»»

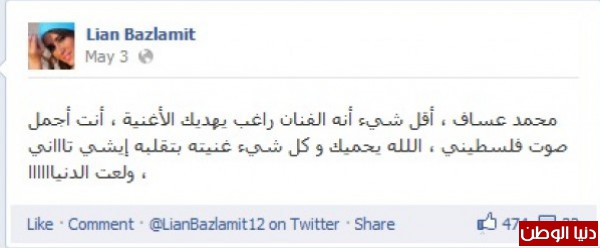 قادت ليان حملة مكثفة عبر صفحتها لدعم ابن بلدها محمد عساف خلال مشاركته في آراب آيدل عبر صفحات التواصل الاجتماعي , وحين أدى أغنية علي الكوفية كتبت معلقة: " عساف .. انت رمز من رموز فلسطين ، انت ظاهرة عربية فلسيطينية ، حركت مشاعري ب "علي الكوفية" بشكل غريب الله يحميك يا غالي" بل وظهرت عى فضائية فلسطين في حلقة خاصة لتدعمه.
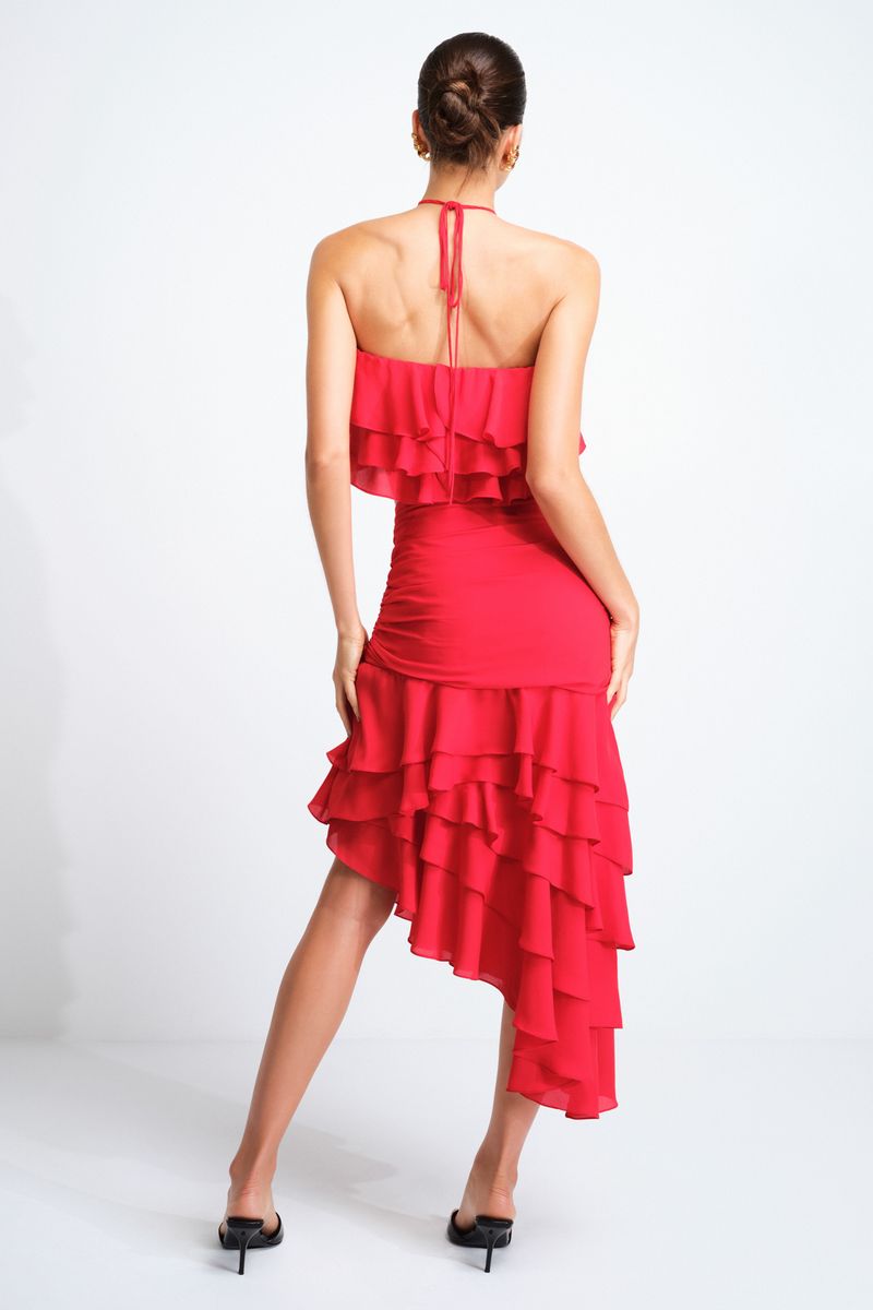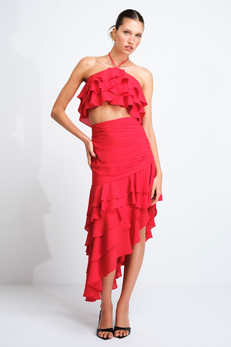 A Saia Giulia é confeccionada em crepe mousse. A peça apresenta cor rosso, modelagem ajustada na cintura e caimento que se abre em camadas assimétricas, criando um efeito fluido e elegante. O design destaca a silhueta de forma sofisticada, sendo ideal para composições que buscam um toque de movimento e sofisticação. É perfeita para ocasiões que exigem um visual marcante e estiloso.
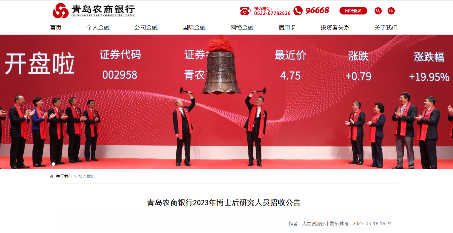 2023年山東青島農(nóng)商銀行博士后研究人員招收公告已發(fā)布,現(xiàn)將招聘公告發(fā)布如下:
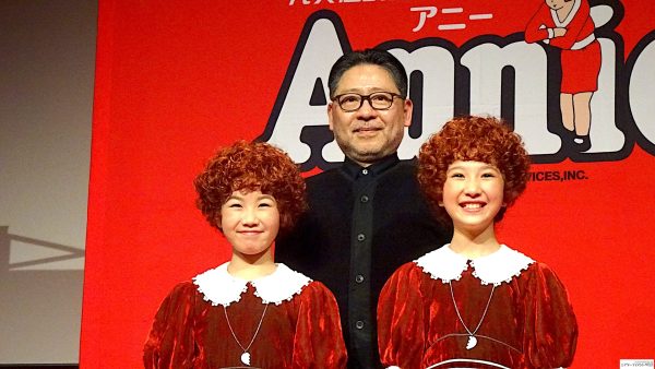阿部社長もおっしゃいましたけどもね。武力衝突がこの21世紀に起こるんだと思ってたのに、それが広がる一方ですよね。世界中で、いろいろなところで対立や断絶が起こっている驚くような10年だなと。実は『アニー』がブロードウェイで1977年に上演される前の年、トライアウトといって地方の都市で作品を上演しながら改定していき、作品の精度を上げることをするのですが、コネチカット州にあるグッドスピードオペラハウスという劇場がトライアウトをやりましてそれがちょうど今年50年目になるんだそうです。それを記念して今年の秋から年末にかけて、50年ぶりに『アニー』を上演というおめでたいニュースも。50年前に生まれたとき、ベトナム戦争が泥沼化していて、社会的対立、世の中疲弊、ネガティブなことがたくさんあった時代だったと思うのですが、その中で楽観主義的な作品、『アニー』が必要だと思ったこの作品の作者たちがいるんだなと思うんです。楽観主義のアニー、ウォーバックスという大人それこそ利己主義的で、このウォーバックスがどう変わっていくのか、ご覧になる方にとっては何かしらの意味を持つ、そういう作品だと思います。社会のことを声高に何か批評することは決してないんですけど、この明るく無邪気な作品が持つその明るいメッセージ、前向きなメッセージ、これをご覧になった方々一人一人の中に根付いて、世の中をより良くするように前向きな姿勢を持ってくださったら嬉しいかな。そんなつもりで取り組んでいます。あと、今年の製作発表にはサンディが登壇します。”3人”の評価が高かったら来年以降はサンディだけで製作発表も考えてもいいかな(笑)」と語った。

««
»»

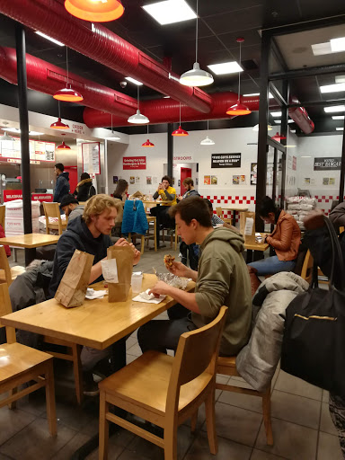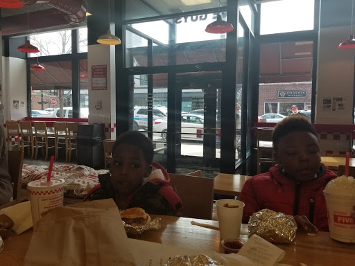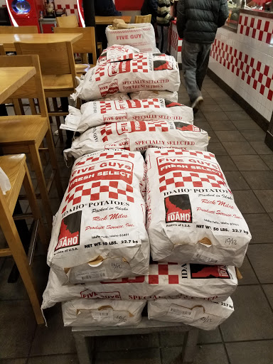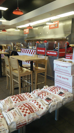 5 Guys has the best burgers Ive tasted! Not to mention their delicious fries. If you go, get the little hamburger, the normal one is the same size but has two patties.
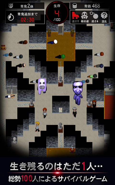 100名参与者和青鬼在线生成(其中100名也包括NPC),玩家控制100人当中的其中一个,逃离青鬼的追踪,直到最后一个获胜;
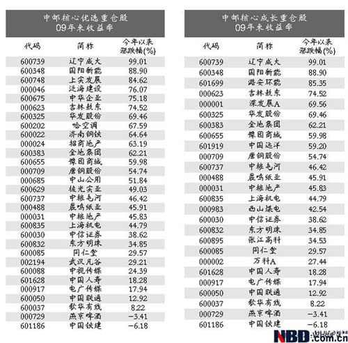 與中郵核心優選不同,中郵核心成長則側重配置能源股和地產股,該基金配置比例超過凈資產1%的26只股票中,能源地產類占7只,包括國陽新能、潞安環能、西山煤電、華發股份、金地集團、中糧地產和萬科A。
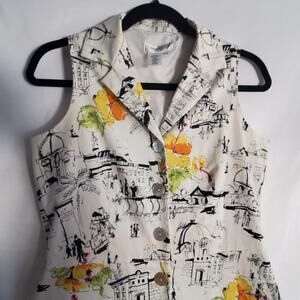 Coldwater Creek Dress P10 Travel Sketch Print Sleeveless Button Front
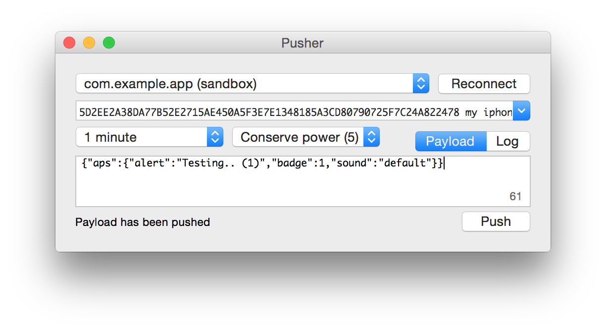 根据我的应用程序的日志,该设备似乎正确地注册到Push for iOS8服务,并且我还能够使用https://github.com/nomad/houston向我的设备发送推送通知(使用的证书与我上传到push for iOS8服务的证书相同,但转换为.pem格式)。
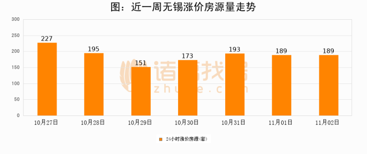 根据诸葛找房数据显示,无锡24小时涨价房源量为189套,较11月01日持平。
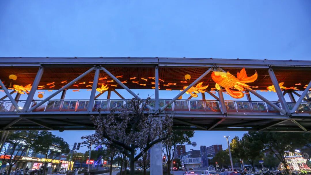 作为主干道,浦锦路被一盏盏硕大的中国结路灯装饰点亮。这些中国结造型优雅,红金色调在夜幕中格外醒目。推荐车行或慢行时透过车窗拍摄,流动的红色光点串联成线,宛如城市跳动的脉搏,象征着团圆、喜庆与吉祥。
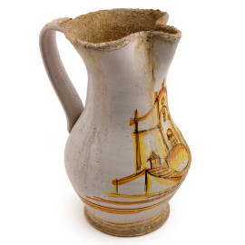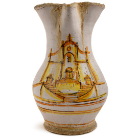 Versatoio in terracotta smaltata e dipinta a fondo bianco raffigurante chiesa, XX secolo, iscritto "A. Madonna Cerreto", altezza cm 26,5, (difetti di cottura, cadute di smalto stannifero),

««

WHAT TO WORK ON - With the pictures omitted, copy the entries above exactly from the line containing "與中郵核心優選不同,中郵核心" through the line containing "Versatoio in terracotta", both lines included.

ANSWER TO THIS EXERCISE -
 與中郵核心優選不同,中郵核心成長則側重配置能源股和地產股,該基金配置比例超過凈資產1%的26只股票中,能源地產類占7只,包括國陽新能、潞安環能、西山煤電、華發股份、金地集團、中糧地產和萬科A。
 Coldwater Creek Dress P10 Travel Sketch Print Sleeveless Button Front
 根据我的应用程序的日志,该设备似乎正确地注册到Push for iOS8服务,并且我还能够使用https://github.com/nomad/houston向我的设备发送推送通知(使用的证书与我上传到push for iOS8服务的证书相同,但转换为.pem格式)。
 根据诸葛找房数据显示,无锡24小时涨价房源量为189套,较11月01日持平。
 作为主干道,浦锦路被一盏盏硕大的中国结路灯装饰点亮。这些中国结造型优雅,红金色调在夜幕中格外醒目。推荐车行或慢行时透过车窗拍摄,流动的红色光点串联成线,宛如城市跳动的脉搏,象征着团圆、喜庆与吉祥。
 Versatoio in terracotta smaltata e dipinta a fondo bianco raffigurante chiesa, XX secolo, iscritto "A. Madonna Cerreto", altezza cm 26,5, (difetti di cottura, cadute di smalto stannifero),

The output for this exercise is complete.